Church of the Saviour

 

The story behind this monumental edifice begins back in 1875 when a small group of faithful settlers met in the original brick schoolhouse on the corner of Superior and Euclid Heights Blvd., establishing the first religious congregation in Cleveland Heights. This hardy group of dairymen and farmers soon raised their own building adjacent to the school in 1878 and called themselves the Fairmount Methodist Episcopal Church. By 1904, a larger facility had been built at Superior and Hampshire Roads and was named Cleveland Heights Methodist Episcopal Church.

 

The present church was designed in French Gothic style by John William Corbusier and the project was completed by William Foster. The cornerstone, laid on June 6, 1927, had imbedded in it an ancient stone brought back from the Holy Land by the Reverend Mr. McCombe. The congregation has been known thereafter as the Church of the Saviour. The quaint spelling of "Saviour" was perhaps inspired by the plethora of English street names found in Cleveland Heights.

 

The splendid interior features ornamental and plain Moravian floor tiles, a seven-sided pulpit symbolizing redemption, and stained glass windows conceived by R. Toland Wright and continuously added to by donors.
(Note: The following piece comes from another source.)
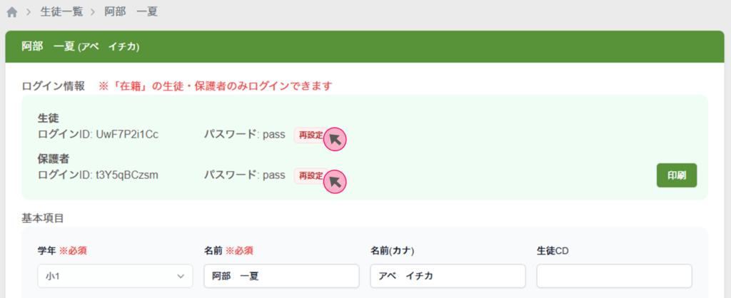 法人管理者・事業部管理者・教室管理者がパスワードを変更することができます。
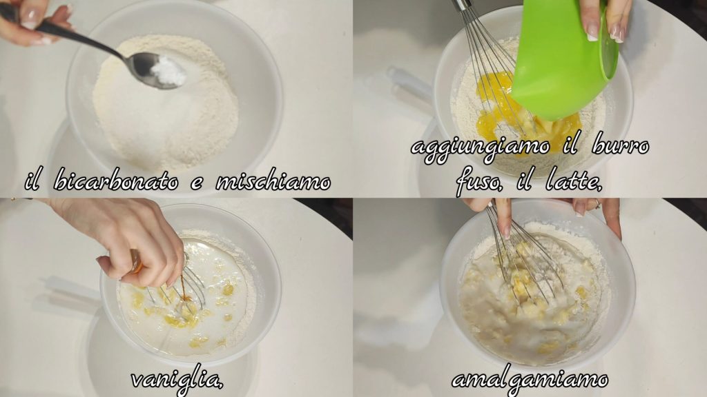 Ajoutons le bicarbonate et mélangeons. Ajoutons le beurre fondu, le lait, la vanille et mélangeons.

The four-manual organ includes over 2500 pipes.

 

The 1950's saw several major expansion projects to serve the evolving needs of the growing congregation, among them the Myers Memorial Chapel and South Wing with its educational facilities, the limestone tower and Tower Carillon, and in 1959 the East Wing was added, incorporating needed classrooms, a conference room, the church office, and library.